**WORK REQUIRED:** Below are entries. Give back exactly the lines from the one containing "บุฟเฟ่ต์สุกี้ปิ้งย่าง" through the one containing "Les 35 e Médiévales", inclusive, without the pictures.

**Dataset records:**
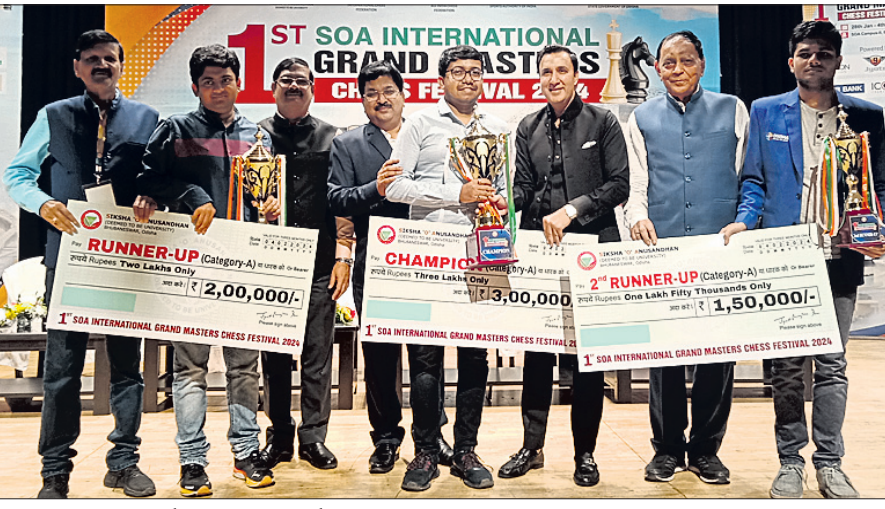
ଅନ୍ତର୍ଜାତୀୟ ଗ୍ରାଣ୍ଡମାଷ୍ଟର ଚେସ୍ ଫେସ୍ଟିଭାଲରେ ପ୍ରତିଯୋଗୀମାନେ ଅତିଥିକ ଗଣସଭାରେ।
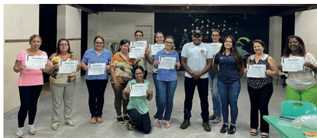
> Comunidades participam de treinamentos
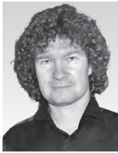
キリル・ロディン (チェロ) Кирилл Родин

1963年モスクワに生まれる。1981年グネーシン記念音楽アカデミーを卒業し、モスクワ音楽院へ進んだ。ベオグラード国際コンクール(1984)、第8回チャイコフスキー国際コンクール(1986)に於いて第1位にかがやき、一躍その名を世界に知らしめた。1989年にモスクワ音楽院を首席で卒業。第12回チャイコフスキー国際コンクールで審査員を務めた。現在は世界中で演奏活動をする傍ら、モスクワ音楽院で後進の指導にあたっている。
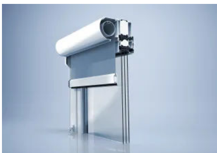
Sonnenschutzsystem heroal VS C

Weitere Informationen zum Sonnenschutzsystem heroal VS Z EM
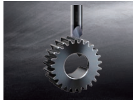
歯車端面バリ取り工具 約 2 秒で完了 高速バリ取り加工
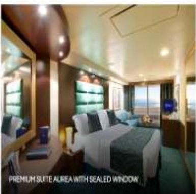
PREMIUM SUITE AIREA WITH SEALED WINDOW
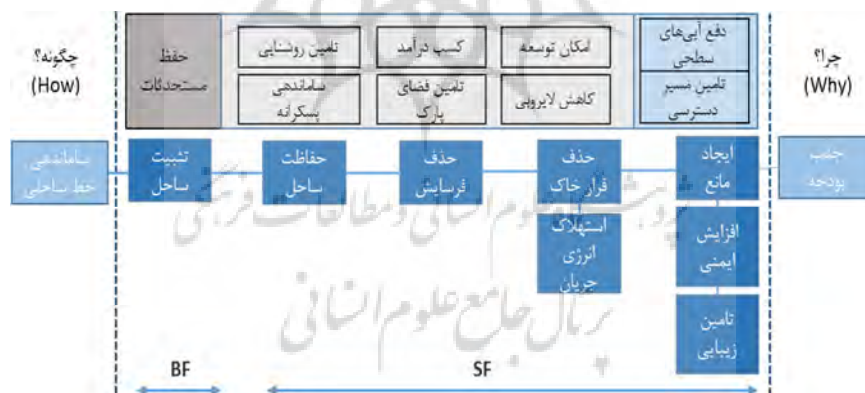
شکل ۲ نمودار فن تحلیل کارکرد سیستم
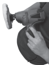
Figura 7: Acionamento do botão trava uso contínuo (6).

5. Ligue sua poltriz e lixadeira conectando o aparelho na voltagem adquirida e acionando o botão partida (3). Utilize o botão trava uso contínuo (6), caso necessário, para um maior conforto na utilização em longos períodos:
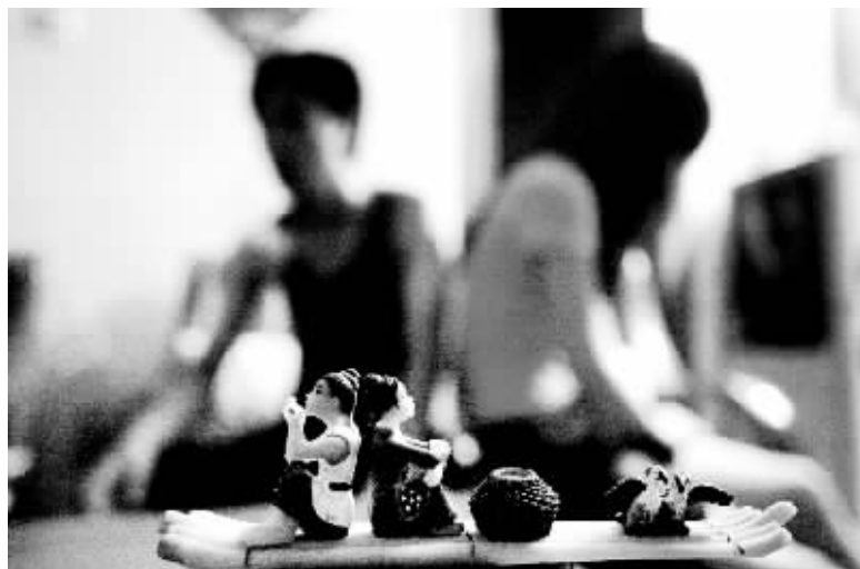
将现实的苦恼放到虚拟世界里解决，也许不失为一种抚慰失恋心灵的出路。
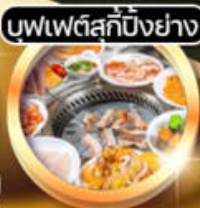
บุฟเฟ่ต์สุกี้ปิ้งย่าง
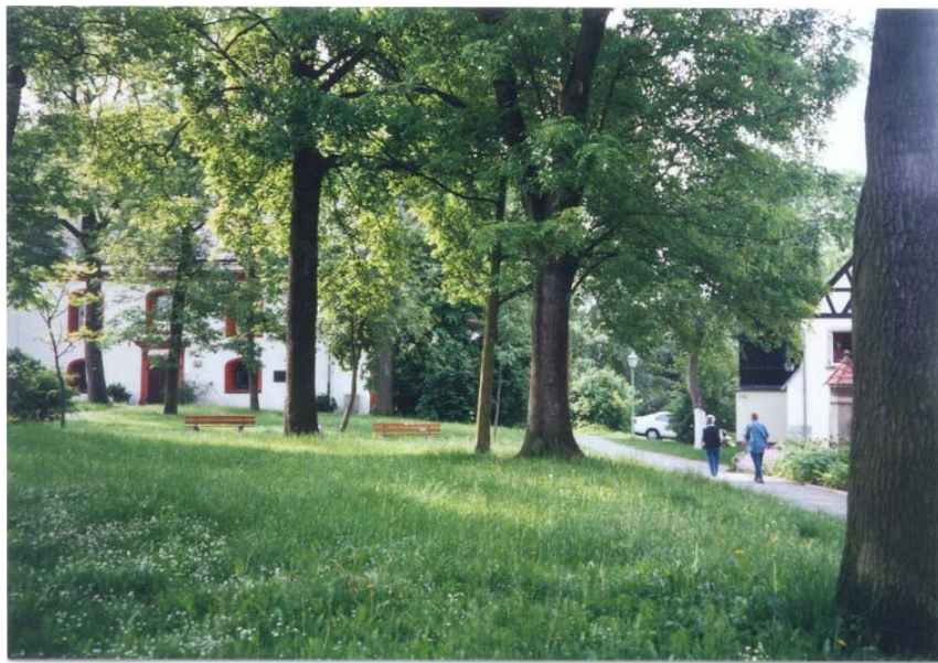
Park an der Altenbegegnungsstätte / Lorenzkirche

Andere Anlagen zeigen ein naturnäheres Erscheinungsbild mit zurückhaltender Versiegelung oder altem Laubgehölzbestand wie z.B. der Park bei der Lorenzkirche.
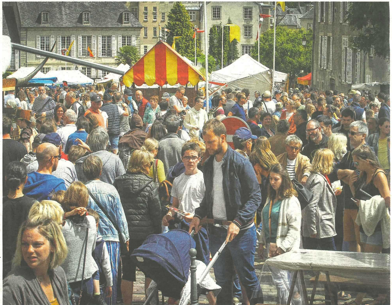
Les 35 e Médiévales de Bayeux ont accueilli plus de 60 000 visiteurs, confirmant leur statut de troisième événement du genre au niveau national.
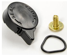
iM-VALVE-M-B Válvula de purga manual
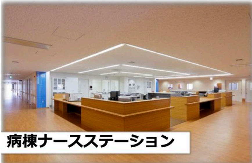
病棟ナースステーション
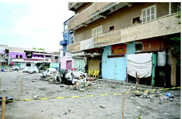
તેમણે ઉમેર્યું, “હું આશા રાખું છું કે, મારા આગામી અહેવાલ દ્વારા, હું તે અથવા તે વ્યક્તિઓમાંથી કેટલાક લોકો જે આ માટે સૌથી વધુ જવાબદાર છે તેમના ધરપકડના વોરંટ માટેની અરજીઓ જાહેર કરી શકી.”

(એજન્સી) તા.૧૦ આંતરરાષ્ટ્રીય કોર્ટ દ્વારા અદાલત (આઈસીસી) ફરીયાદી, કરીમ ખાને ડાર્ફર પ્રદેશમાં “છ મહિનાના દુઃખ”નો સંદર્ભ આપતા જણાવ્યું હતું કે, સુદાનમાં પરિસ્થિતિ બગડી રહી છે. કેબુઆરીથી જુલાઈ સુધીમાં ડાર્ફરની પરિસ્થિતિ અંગેના તેમનો તાજેતરનો અહેવાલ રજૂ કરતાં ખાને યુએન સિક્યુરિટી કાઉન્સિલને જણાવ્યું હતું કે તે “ડાર્ફરના લોકો માટે આ ભયંકર છે મહિના દુઃખના અને ત્રાસના મહિના રહ્યા છે.” અહેવાલમાં ડાર્ફરની પરિસ્થિતિને “ગહન માનવીય દુર્ઘટના” તરીકે દર્શાવવામાં આવી છે, ખાને ભારપૂર્વક જણાવ્યું હતું કે છેલ્લા છ મહિનામાં બળાત્કાર, બાળકો સામેના ગુનાઓ અને સંવેદનશીલ નાગરિકોના વધતા અહેવાલો સાથે પરિસ્થિતિ વધુ બગડી રહી છે. તેમણે કહ્યું, “હું આ પ્રકારના ગુનાઓને લગતા આરોપોને પ્રાથમિકતા આપું છું જે ઐતિહાસિક રીતે સુદાનમાં અને વિશાળ વિશ્વમાં અપ્રમાણસર રીતે સૌથી વધુ સંવેદનશીલ છે, જે અમારી વસ્તીના સૌથી સંવેદનશીલ પાસાને અસર કરે છે.” ડાર્ફરને “ખૂબ જ અંધકારમય સ્થળ” તરીકે વર્ણવતા, ICC વડીલે કહ્યું કે તેમ છતાં અહેવાલમાં “કેટલીક પ્રગતિ” અને ICC તે લોકોની “તપાસ” કરી રહી છે જેઓ ડાર્ફરમાં ચાલી રહેલા સંઘર્ષ માટે જવાબદાર “સહાય અને પ્રોત્સાહન” આપી રહ્યા છે.
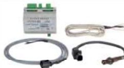
30 Lambdasonde • Passend für Eventura • Mit Modul HVL 2.0 PKL und PKKL

**ANSWER BOX:**
บุฟเฟ่ต์สุกี้ปิ้งย่าง
Park an der Altenbegegnungsstätte / Lorenzkirche

Andere Anlagen zeigen ein naturnäheres Erscheinungsbild mit zurückhaltender Versiegelung oder altem Laubgehölzbestand wie z.B. der Park bei der Lorenzkirche.
Les 35 e Médiévales de Bayeux ont accueilli plus de 60 000 visiteurs, confirmant leur statut de troisième événement du genre au niveau national.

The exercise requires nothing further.